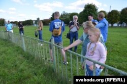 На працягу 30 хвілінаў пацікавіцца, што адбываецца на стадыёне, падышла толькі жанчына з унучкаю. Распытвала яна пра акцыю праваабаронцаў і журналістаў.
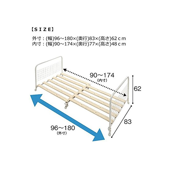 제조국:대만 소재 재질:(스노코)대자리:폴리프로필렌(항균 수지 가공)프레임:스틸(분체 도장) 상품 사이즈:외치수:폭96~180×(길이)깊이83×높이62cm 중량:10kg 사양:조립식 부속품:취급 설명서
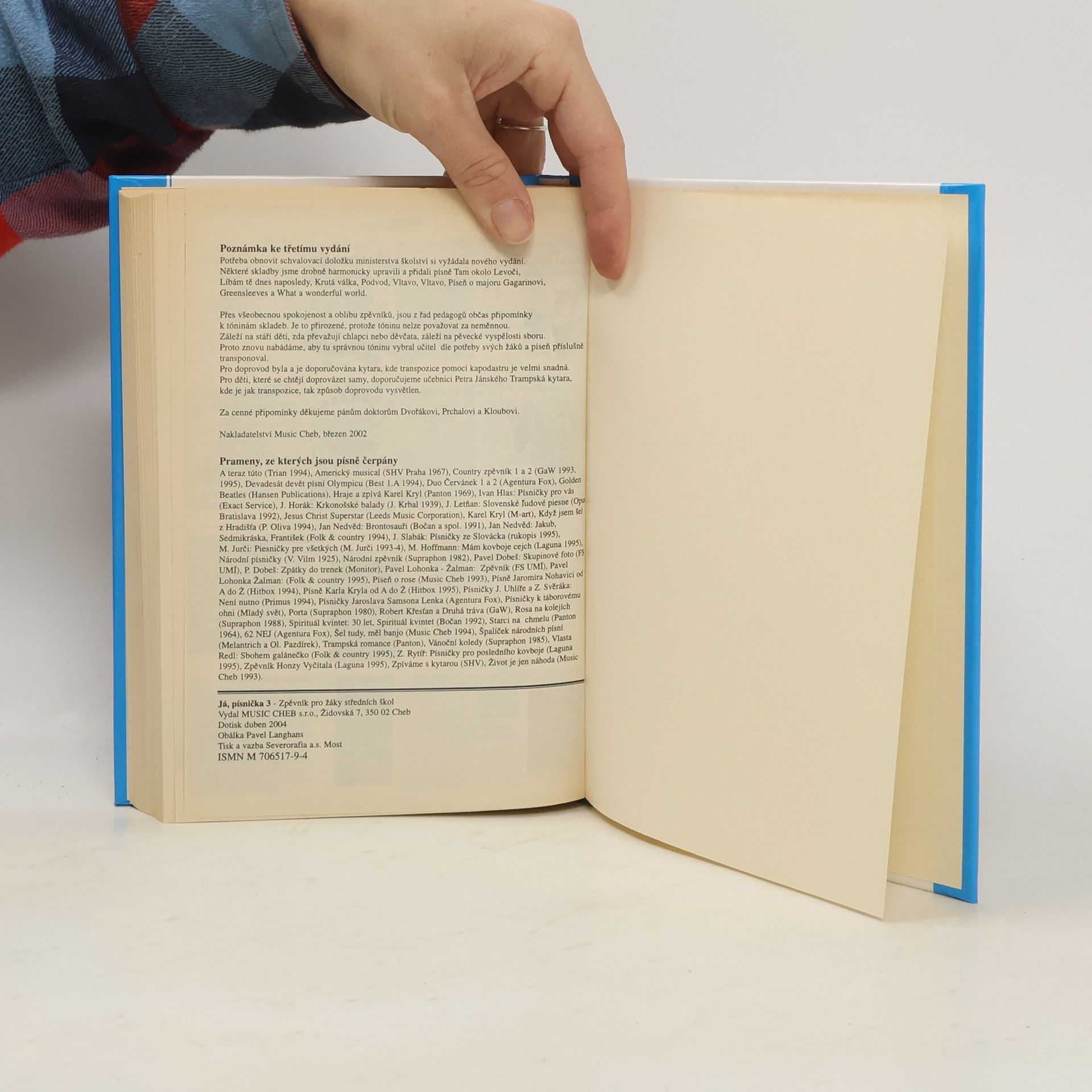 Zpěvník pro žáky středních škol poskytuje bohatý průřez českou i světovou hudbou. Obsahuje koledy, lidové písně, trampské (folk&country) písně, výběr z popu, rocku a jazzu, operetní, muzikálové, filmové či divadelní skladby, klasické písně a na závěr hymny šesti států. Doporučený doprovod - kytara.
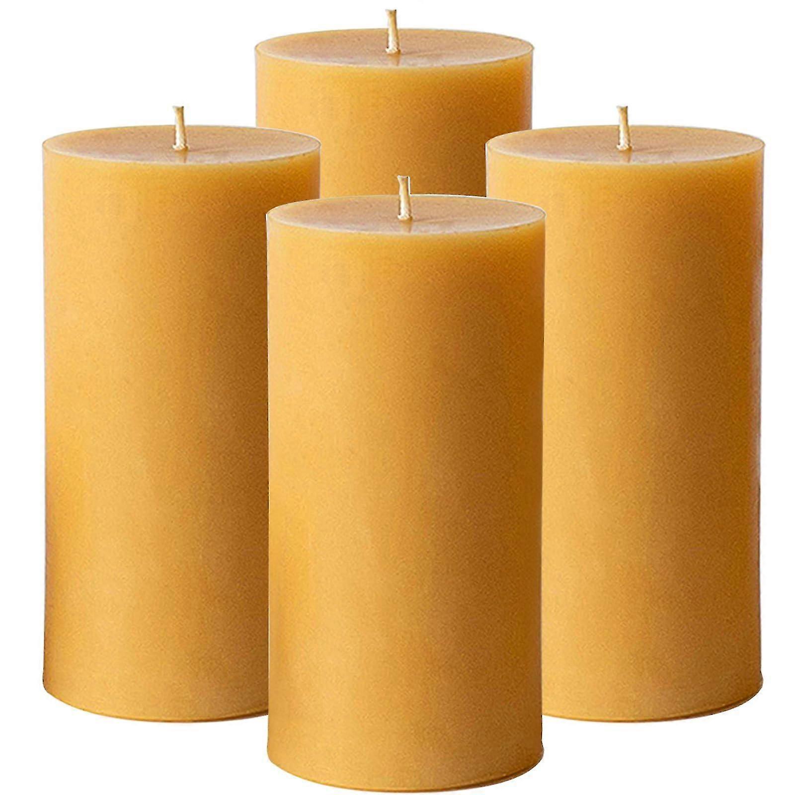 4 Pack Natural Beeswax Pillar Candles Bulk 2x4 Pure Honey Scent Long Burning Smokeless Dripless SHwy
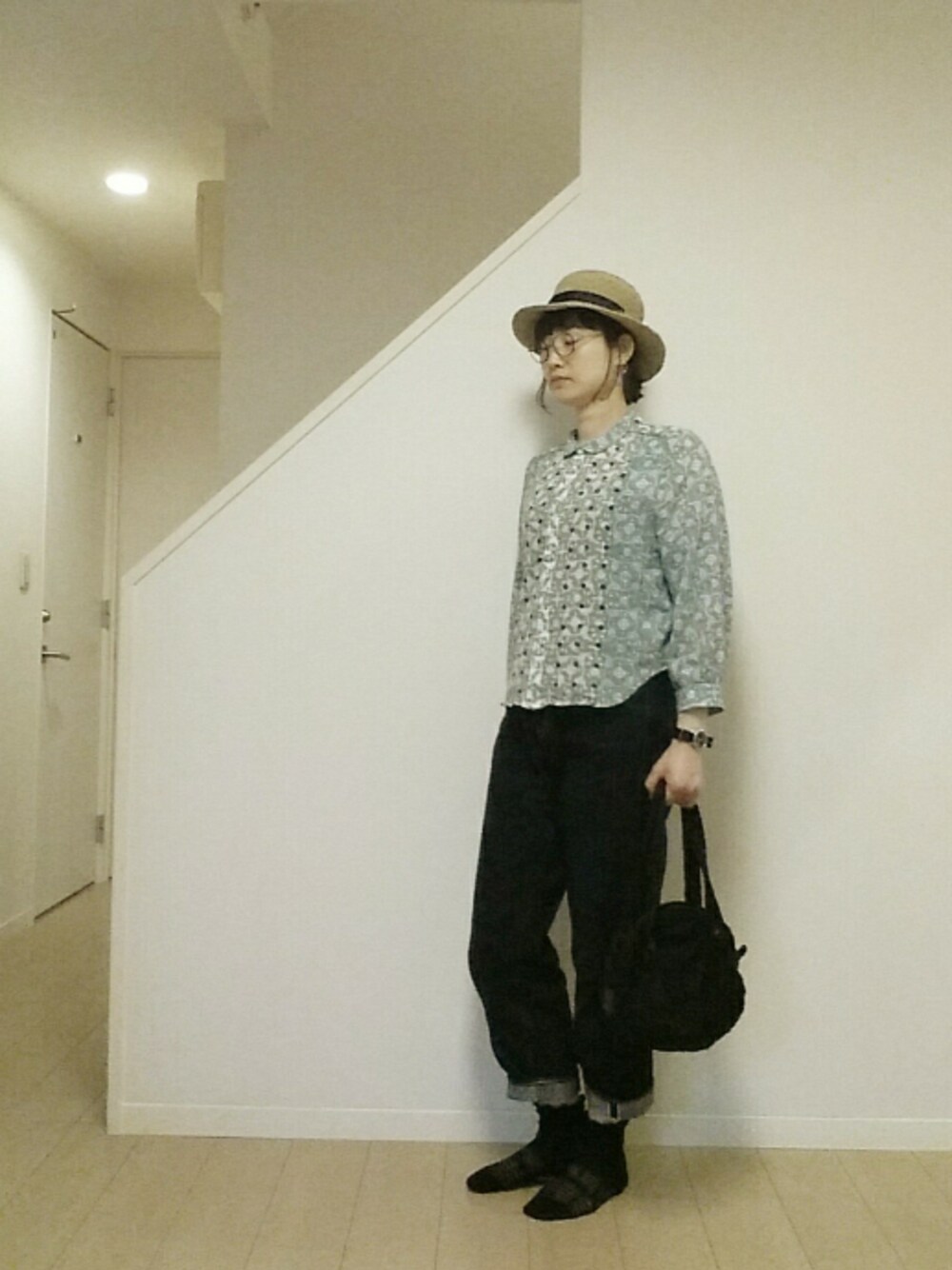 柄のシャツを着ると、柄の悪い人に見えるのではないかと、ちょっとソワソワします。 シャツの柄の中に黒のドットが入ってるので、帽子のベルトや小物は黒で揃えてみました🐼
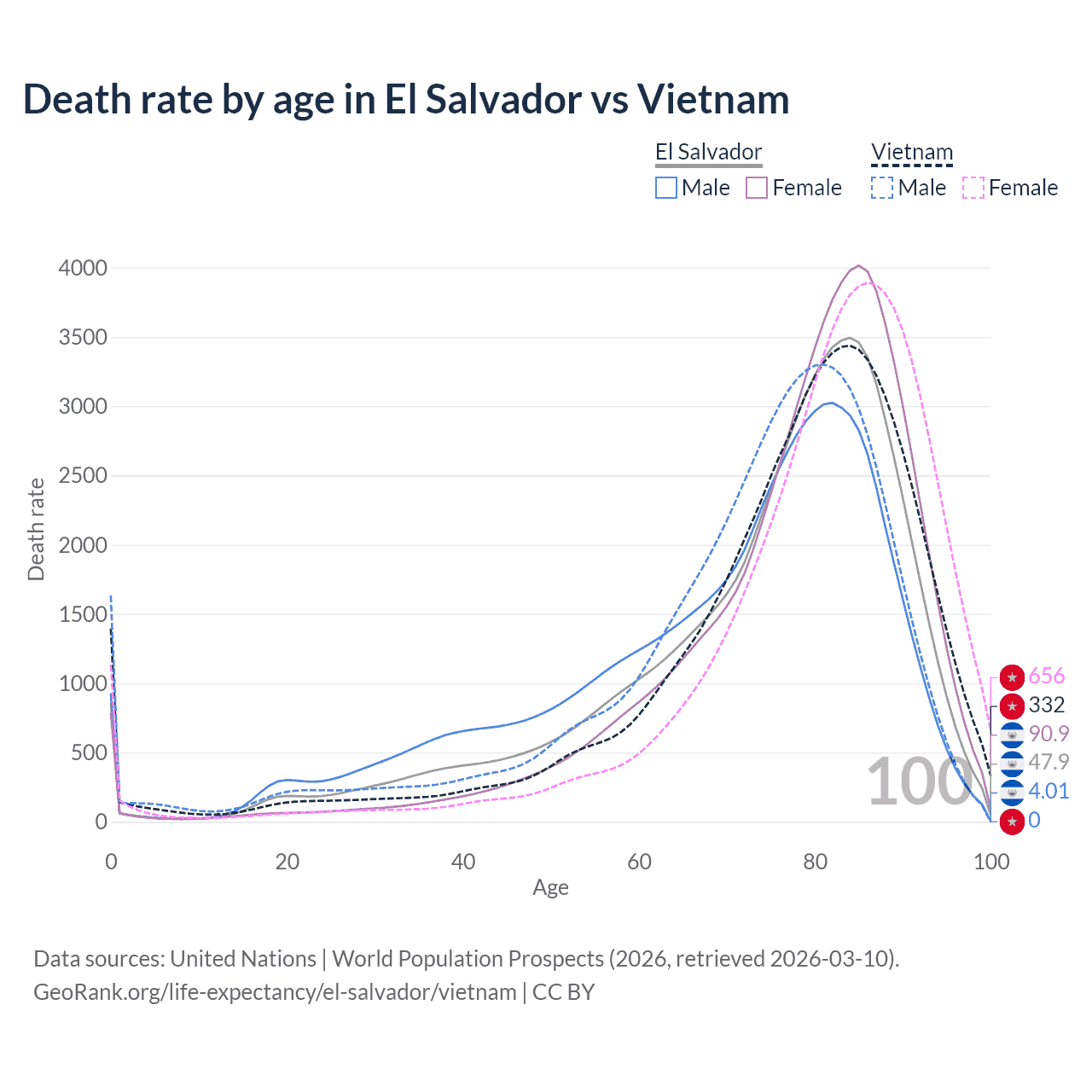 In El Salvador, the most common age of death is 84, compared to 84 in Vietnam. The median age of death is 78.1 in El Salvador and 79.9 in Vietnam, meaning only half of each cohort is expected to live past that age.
_____
**Task to complete**
The job is to set down the whole listing exactly, excluding any images.

**Finished exercise**
 На працягу 30 хвілінаў пацікавіцца, што адбываецца на стадыёне, падышла толькі жанчына з унучкаю. Распытвала яна пра акцыю праваабаронцаў і журналістаў.
 제조국:대만 소재 재질:(스노코)대자리:폴리프로필렌(항균 수지 가공)프레임:스틸(분체 도장) 상품 사이즈:외치수:폭96~180×(길이)깊이83×높이62cm 중량:10kg 사양:조립식 부속품:취급 설명서
 Zpěvník pro žáky středních škol poskytuje bohatý průřez českou i světovou hudbou. Obsahuje koledy, lidové písně, trampské (folk&country) písně, výběr z popu, rocku a jazzu, operetní, muzikálové, filmové či divadelní skladby, klasické písně a na závěr hymny šesti států. Doporučený doprovod - kytara.
 4 Pack Natural Beeswax Pillar Candles Bulk 2x4 Pure Honey Scent Long Burning Smokeless Dripless SHwy
 柄のシャツを着ると、柄の悪い人に見えるのではないかと、ちょっとソワソワします。 シャツの柄の中に黒のドットが入ってるので、帽子のベルトや小物は黒で揃えてみました🐼
 In El Salvador, the most common age of death is 84, compared to 84 in Vietnam. The median age of death is 78.1 in El Salvador and 79.9 in Vietnam, meaning only half of each cohort is expected to live past that age.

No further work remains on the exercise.